BEGIN

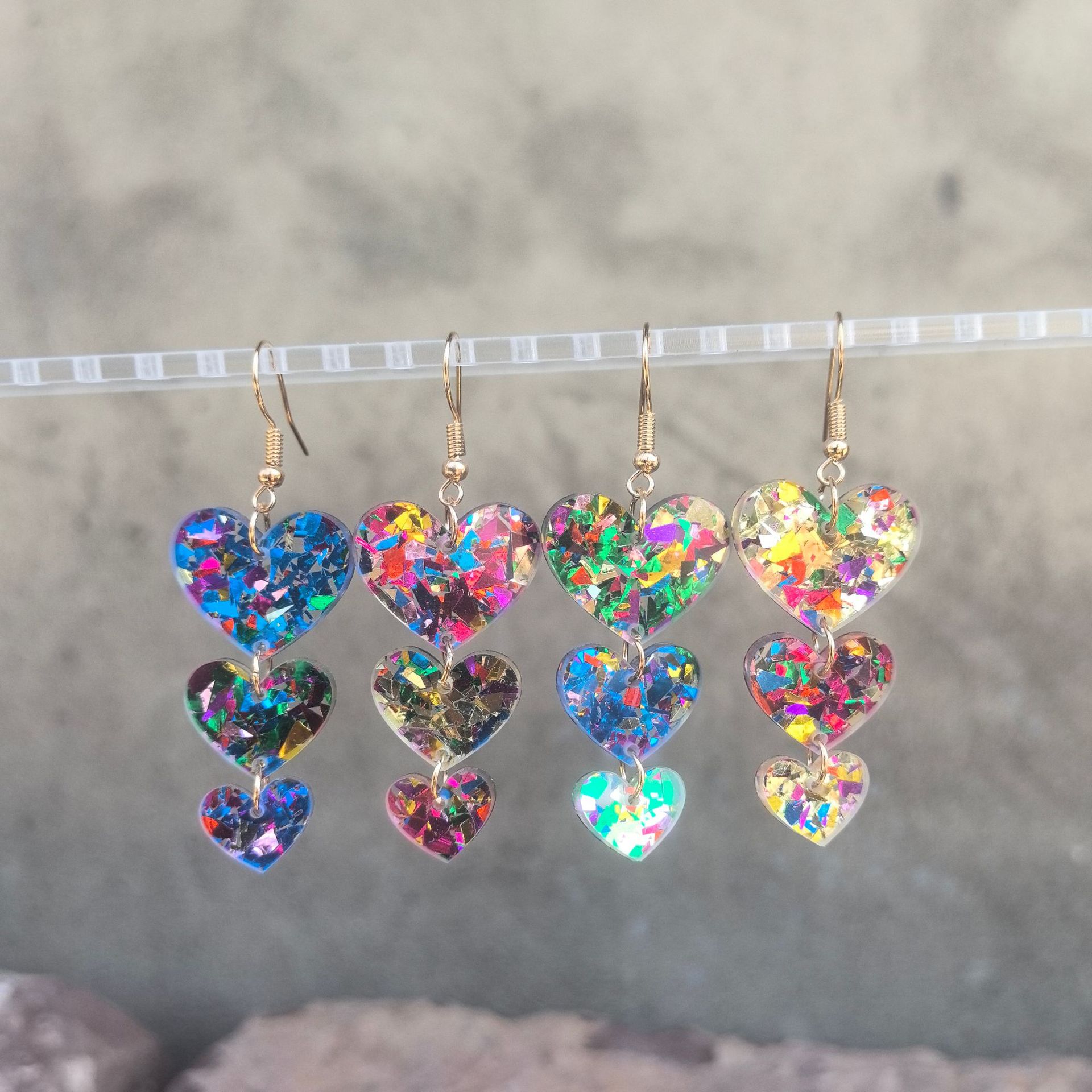 Cross-border European and American acrylic sequins asymmetric heart-shaped triple love personality simple retro earrings earrings color
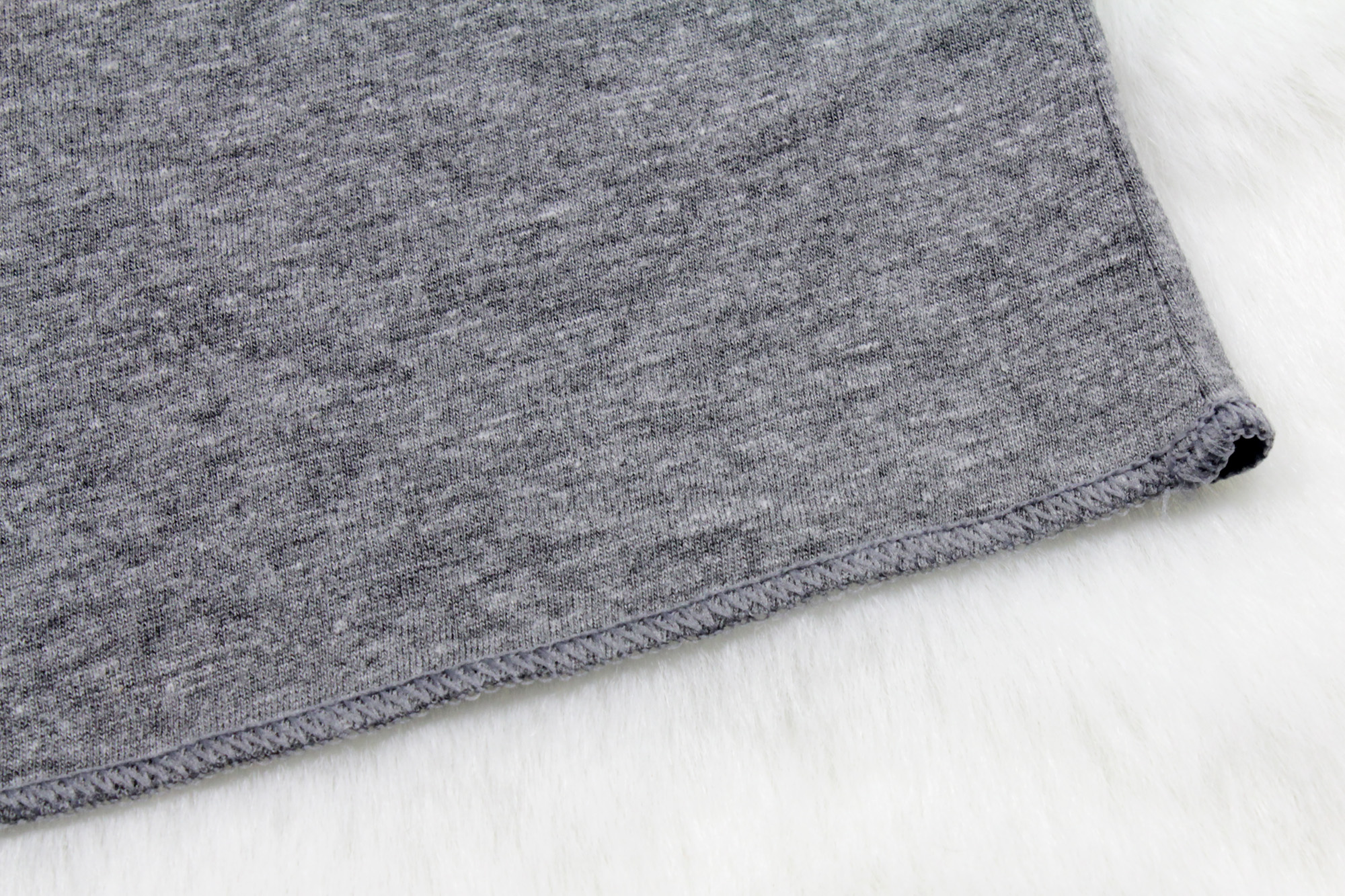 The neckline and armholes are edged with a small row of overlocking (serging), in a colour matched grey thread. The edges are not turned over and top stitched like standard t-shirts etc – this gives the tank top a light feel, as the edges keep the softer feel of raw fabric. Knit fabric like this does not fray like woven fabrics, so it doesn’t even need to be seamed (I have some Star Wars tank tops that do indeed have raw edges as part of a vintage/weathered style), but it keeps the edges looking nice, and provides a bit more reinforcement in areas like the shoulder straps.
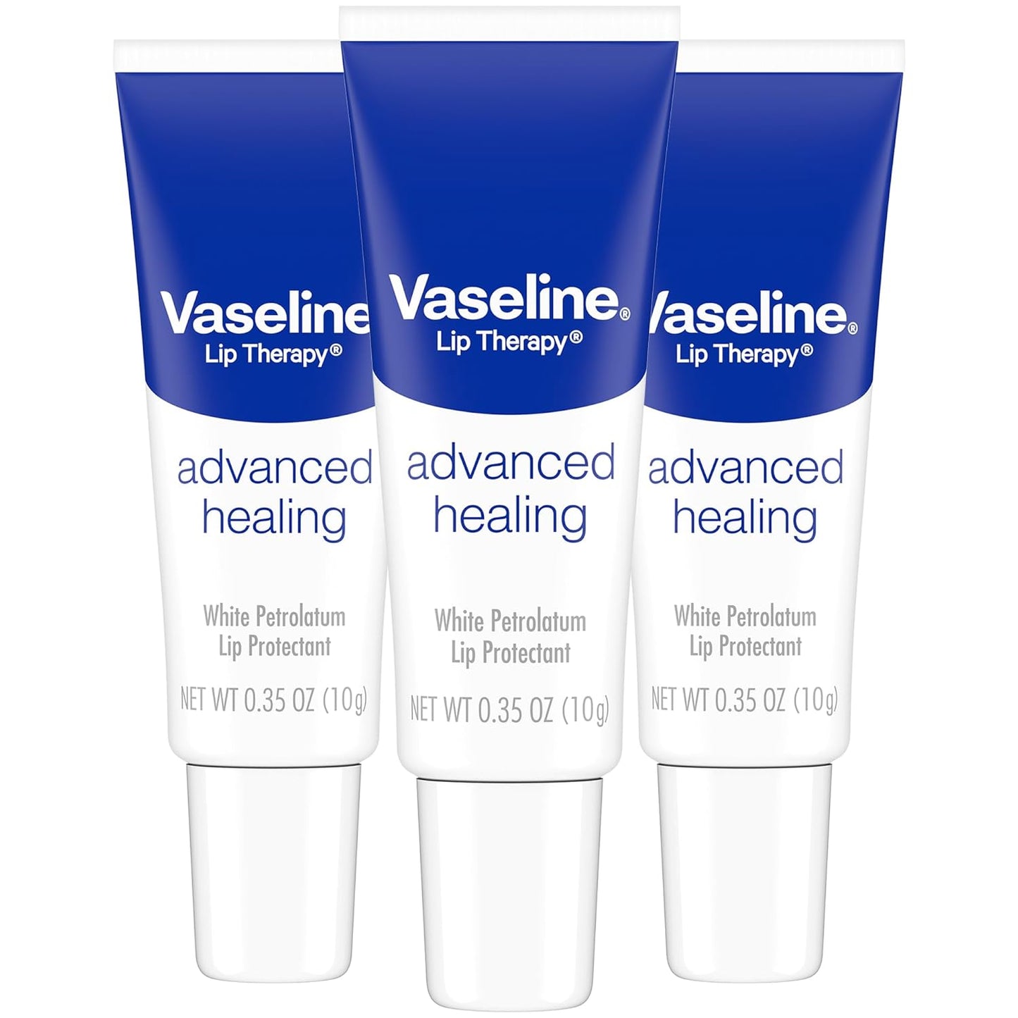 Vaseline Lip Therapy Advanced Healing 3-Pack – White Petroleum Moisturizing Lip Balm for Extremely Dry Lips, 0.35 Oz Ea
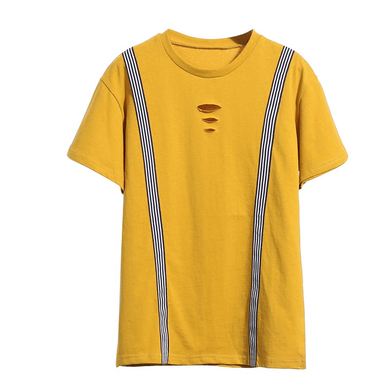/ 夏季韓版寬松純色短袖T恤新款拼接條紋套頭百搭大碼女裝體恤
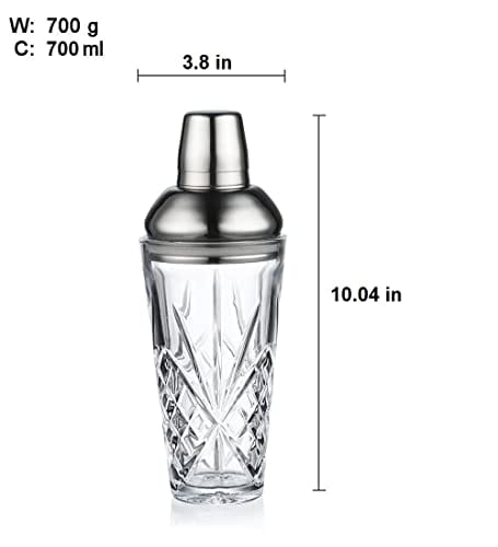 - What You Get: This set comes with 4 cocktail accessories that you can use to impress your family and friends with your bartending skills. The kit includes a luxurious crystal glass cocktail shaker, a spoon, a strainer, and a double-ended jigger.
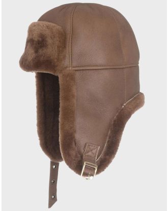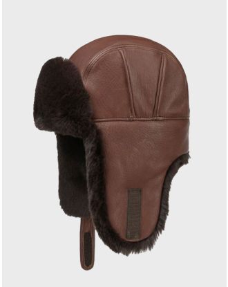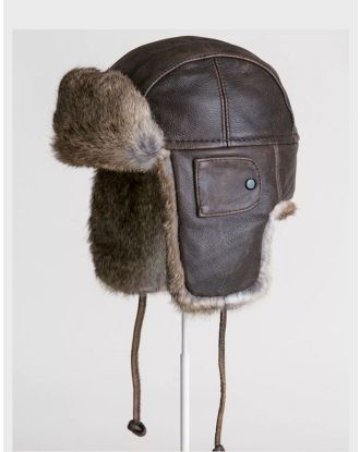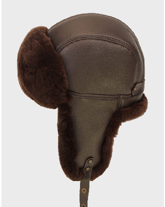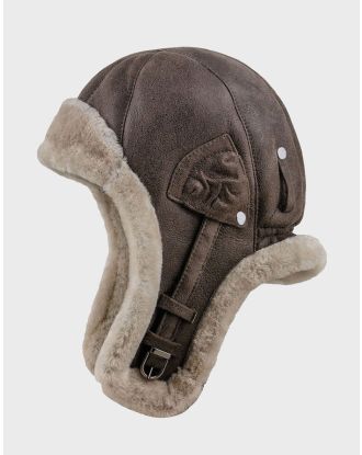 Lambskin Brown Leather Aviator Trapper Fur Hat
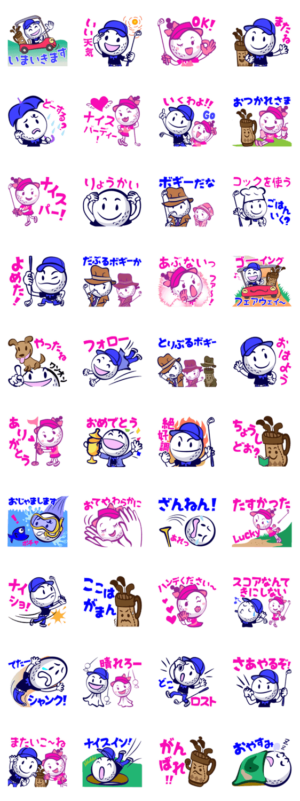 ゴルフボールのキャラが、ナイスショット!日常でも使える楽しいスタンプ。
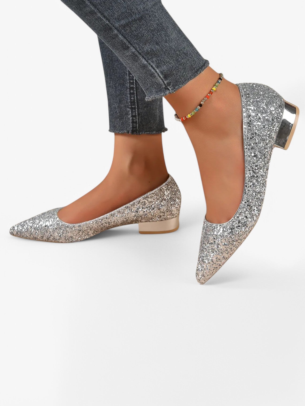 Crafted with a pointed toe silhouette and dazzling glitter exterior, these shoes shimmer with every step you take. The sturdy block heel adds a touch of sophistication while offering stability you can trust from cocktails to midnight strolls.
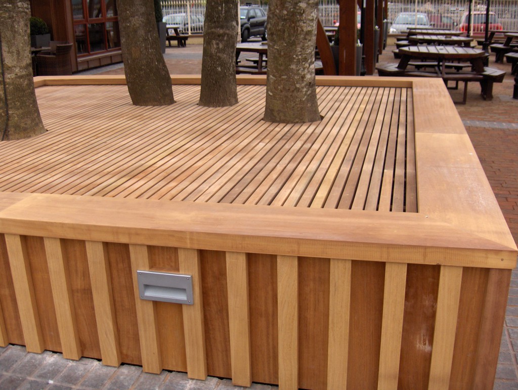 This decking was designed and fitted in a bar/ restaurant in Cork. A large Elm tree, major feature of the garden was incorporated into the decking and seating design.

END

• **DESCRIPTION OF THE TASK**
Give the listing above again exactly, minus any images.

• **ANSWER SECTION**
 Cross-border European and American acrylic sequins asymmetric heart-shaped triple love personality simple retro earrings earrings color
 The neckline and armholes are edged with a small row of overlocking (serging), in a colour matched grey thread. The edges are not turned over and top stitched like standard t-shirts etc – this gives the tank top a light feel, as the edges keep the softer feel of raw fabric. Knit fabric like this does not fray like woven fabrics, so it doesn’t even need to be seamed (I have some Star Wars tank tops that do indeed have raw edges as part of a vintage/weathered style), but it keeps the edges looking nice, and provides a bit more reinforcement in areas like the shoulder straps.
 Vaseline Lip Therapy Advanced Healing 3-Pack – White Petroleum Moisturizing Lip Balm for Extremely Dry Lips, 0.35 Oz Ea
/ 夏季韓版寬松純色短袖T恤新款拼接條紋套頭百搭大碼女裝體恤
 - What You Get: This set comes with 4 cocktail accessories that you can use to impress your family and friends with your bartending skills. The kit includes a luxurious crystal glass cocktail shaker, a spoon, a strainer, and a double-ended jigger.
 Lambskin Brown Leather Aviator Trapper Fur Hat
 ゴルフボールのキャラが、ナイスショット!日常でも使える楽しいスタンプ。
 Crafted with a pointed toe silhouette and dazzling glitter exterior, these shoes shimmer with every step you take. The sturdy block heel adds a touch of sophistication while offering stability you can trust from cocktails to midnight strolls.
 This decking was designed and fitted in a bar/ restaurant in Cork. A large Elm tree, major feature of the garden was incorporated into the decking and seating design.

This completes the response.